Хотите — позабудьте,
Хотите — вспоминайте!..»
 
   В мае 1842 года Тургенев уезжает в Спасское и предается прелестям весенней охоты на вальдшнепов, а во второй половине июля вместе с братом Николаем сопровождает Варвару Петровну на лечение в Мариенбад. Главная цель этой поездки — свидание с Мишелем, который в 1842 году уехал в Дрезден вместе с известным левогегельянцем Арнольдом Руге и приступил к изданию немецкого революционно-демократического журнала «Deutsche Jahrbücher».
   Мишеля Тургенев не узнал: от былых философских воспарений в заоблачные сферы чистого мышления не осталось и следа. Чтобы устранить всякую неловкость, Тургенев счел необходимым объясниться с другом по деликатному поводу, связанному с любимой сестрой Бакунина Татьяной. Но Мишель перебил его:
   — Александрина Беер писала мне, Тургенев, что то, что произошло между тобою и Танюшей, должно заставить меня порвать наши дружеские связи. Какая нелепость! Для того чтобы я с кем-либо порвал, я должен перестать верить в этого человека. Никакая другая причина не может довести меня до разрыва. Ты знаешь, что я никогда не был рабом условных идей, управляющих светом. А теперь и тем более мне поздно стать им. Мне хорошо известны твои недостатки, Тургенев. Но причина их — в крайней твоей молодости. Брат мой, когда любишь, то не имеешь времени на подсчитывание недостатков. А в том, что я тебя люблю, ты сомневаться не можешь. Так что оставим этот разговор. Я предупреждаю и другой твой вопрос. Ты не выслал обещанные деньги, чтобы полностью покрыть мой долг.

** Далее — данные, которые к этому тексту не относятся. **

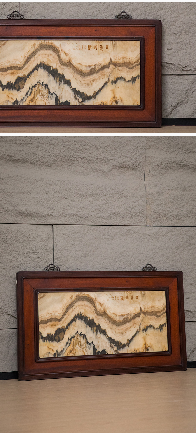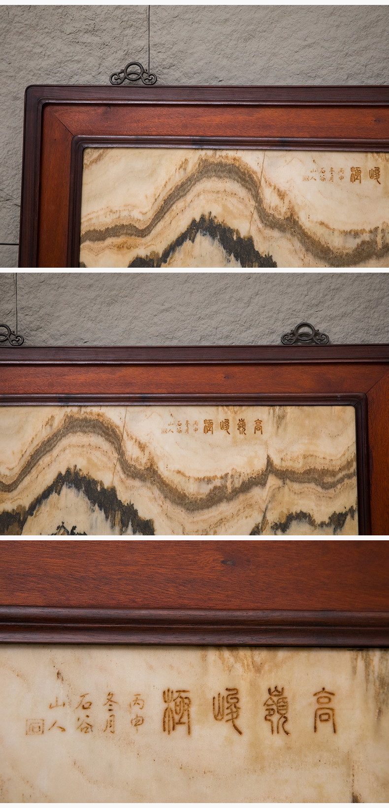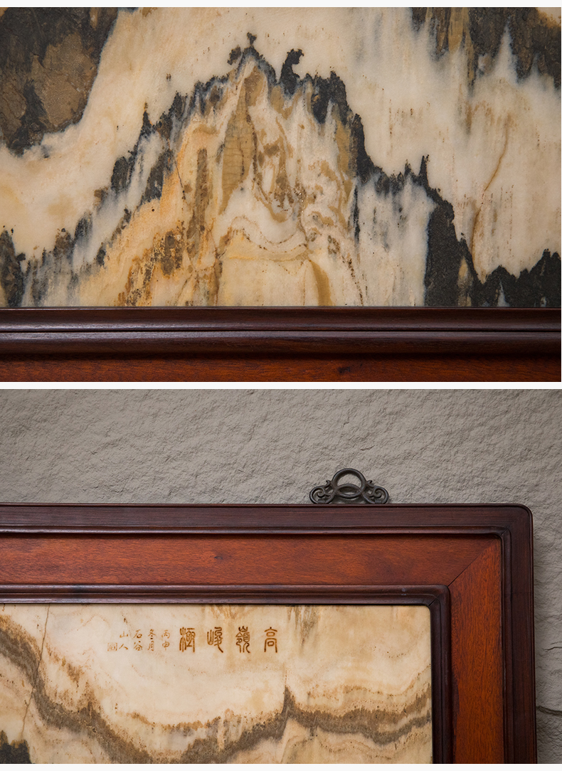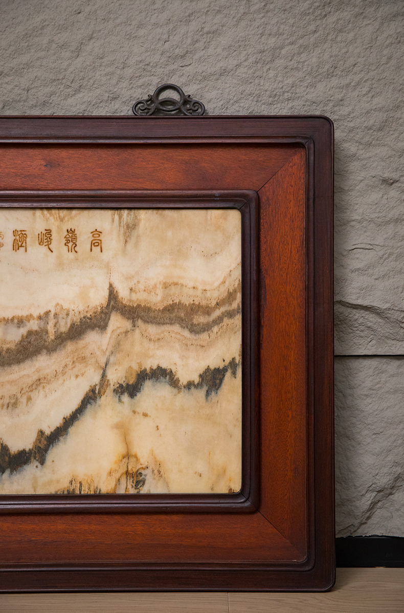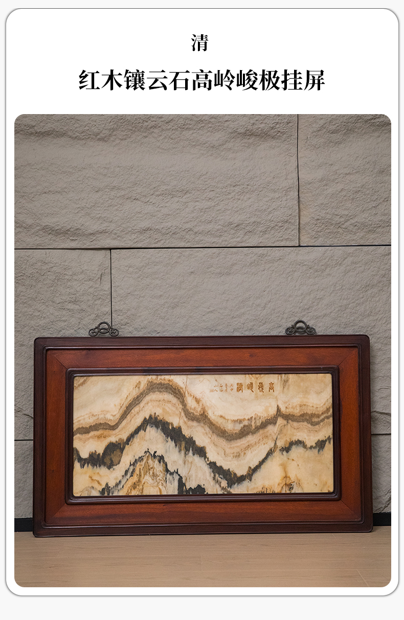 清 红木镶云石高岭峻极挂屏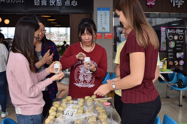 ”和少数民族"福"字样的月饼送给了留校同学、少数民族同学和留学生同学。彝族同学周学艳表示:“自己家里没有中秋节吃月饼的风俗,我要把亲手做的月饼寄回给自己的爸妈尝一尝,让家里人一起感受一下中秋节的氛围。”

И я не сержусь на тебя, ибо знаю, что намерения твои были и остаются чисты, а если их не удалось осуществить — значит, виноваты обстоятельства.
   Как всегда бывает при встрече друзей после долгой разлуки, разговор между Тургеневым и Бакуниным долго прыгал с пятого на десятое, прежде чем попал на существенную стезю:
   — Увы, брат мой, — сказал Бакунин, тряхнув по привычке своей львиной гривой, — время берлинской юности ушло и уже никогда не возвратится, ты знаешь это не хуже меня. Оно было прекрасно, как юность, и заключало в себе все преимущества, достоинства и недостатки юности. Теперь настала пора действительности, мужества, дела. Я почувствовал ее приближение тотчас после твоего отъезда из Берлина. Слава Богу, время теории прошло: все более или менее чувствуют это. Заря нового мира осеняет нас. С тех пор как христианство перестало быть связующим европейские государства цементом, что же еще связывает их? Святой дух свободы и равенства, в громе и молнии французской революции открывшийся людям, подобно семенам новой жизни рассеивается повсюду посредством революционных войн. Мы находимся накануне великого всемирно-исторического поворота, Тургенев, накануне последней борьбы за религию демократии, за коммунизм, призванный осуществить лучшие заветы христианства не в потусторонней действительности, а здесь, на этой земле!
   — Но позволь, Мишель, — возражал Тургенев, — я сочувствую демократическим идеям, но иначе понимаю сущность демократии. Она действительно утверждается, но постепенно, через конституционные формы ограничения самодержавия, через политико-экономические перемены. Партию демократов я признаю в качестве неизбежной оппозиции к другой, консервативной партии, признаю необходимость борьбы между ними, но не до полного истребления. Поскольку та и другая представляют крайние полюсы противоречия — истина лежит посередине. Я склонен считать, что в общественной борьбе оба полюса лишь до известной степени правы. Что же касается коммунизма — я в него не верю: вряд ли стоит нам увлекаться несбыточными фантазиями и подхватывать стоптанные башмаки с ног Сен-Симона и Фурье.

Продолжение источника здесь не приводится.